Девицы, до этого весело ржущие и криками подбадривающие своего лидера, пронзительно завизжали. Парни, все еще стоявшие у лавки, рванули вперед, и на Всеволода обрушился град ударов. Но человек, лежавший перед ними на земле, уже не был бомжем. В кругу подростков, пытаясь подняться, сражался старший лейтенант морской пехоты Тихоокеанского флота Всеволод Бураков.
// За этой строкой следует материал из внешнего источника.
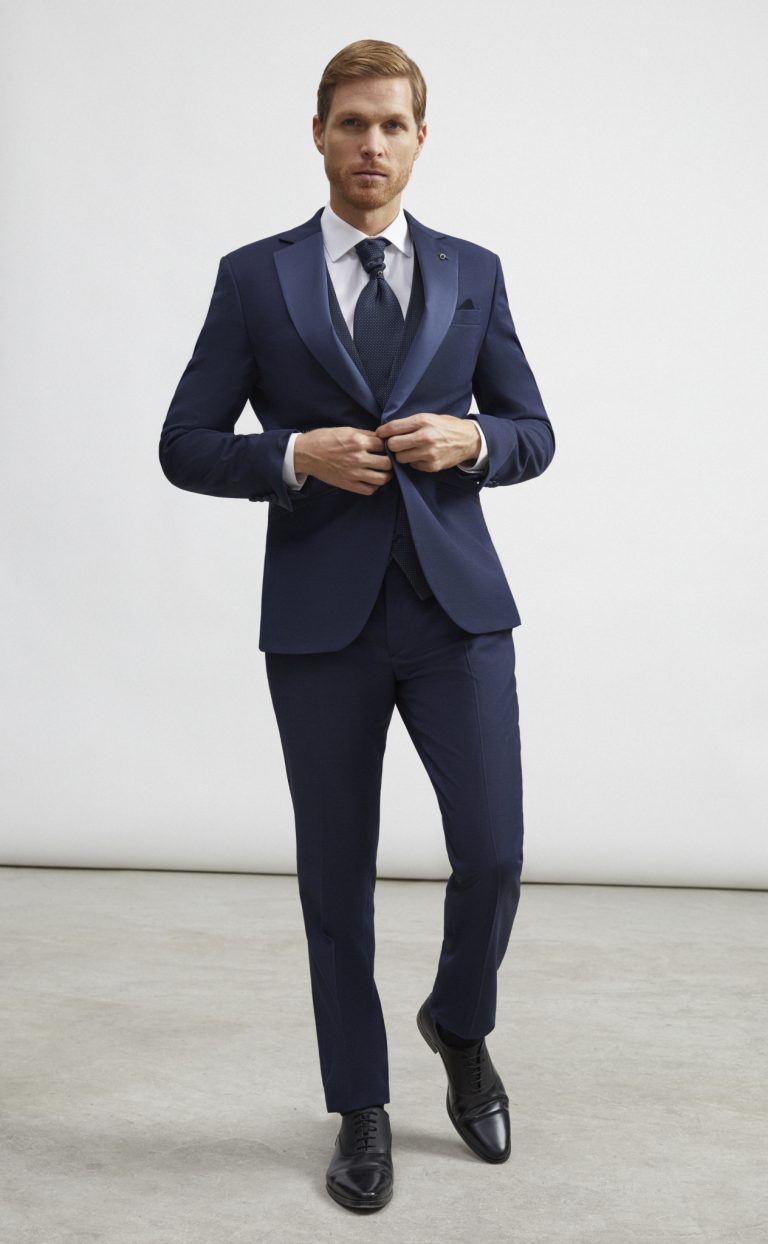 Abito da sposo blu navy con giacca slim fit, gilet coordinato e cravatta blu scuro. Un completo classico ed elegante per uno sposo che desidera uno stile impeccabile e senza tempo.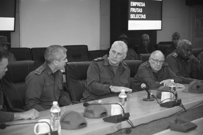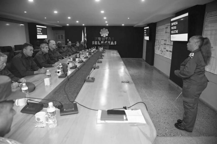 Si hay preparación y cohesión, quien se atreva a invadir terreno cubano encontrará fuerzas muy hostiles, se afirmó en la reunión de puntualización desarrollada específicamente en la Empresa Nacional «Frutas Selectas», la cual contó también con la presencia del miembro del Consejo de Defensa Nacional, Esteban Lazo Hernández; con el Ministro de las Fuerzas Armadas Revolucionarias (FAR), General de Cuerpo de Ejército Álvaro López Miera -ambos, miembros del Buró Político-; con el jefe del Estado Mayor Nacional de la Defensa Civil, General de División Ramón Pardo Guerra; con el jefe del Ejército Occidental, General de División Ernest Feijóo Eiró; así como con el Presidente del Consejo de Defensa Provincial de La Habana, Liván Izquierdo Alonso; y con la Vicepresidenta Yanet Hernández Pérez.

Точный удар – и противник с воем падает на асфальт, обхватив руками раздробленную коленную чашечку. Словно пружина, Бур вскочил на ноги. Еще один противник рухнул на заплеванный семечками асфальт, хрипя и пытаясь вздохнуть. Подонок не понимал, что уже фактически мертв. Смятый мощным и великолепно отработанным ударом кадык не давал ему дышать. На секунду все замерли: Бур в оборонительной стойке, девки и парни с растерянными лицами. Пауза длилась лишь доли секунды, подростки рванули прочь, бросив своих растерявшихся подруг, которые застыли в испуге.
Всеволод оглядел поле боя: двое парней мертвы, один, воя от боли, катается по земле. Всеволод подошел к лавочке и вырвал из рук девчонки пакет, заглянул, достал початую бутылку водки, свернул колпачок и начал пить.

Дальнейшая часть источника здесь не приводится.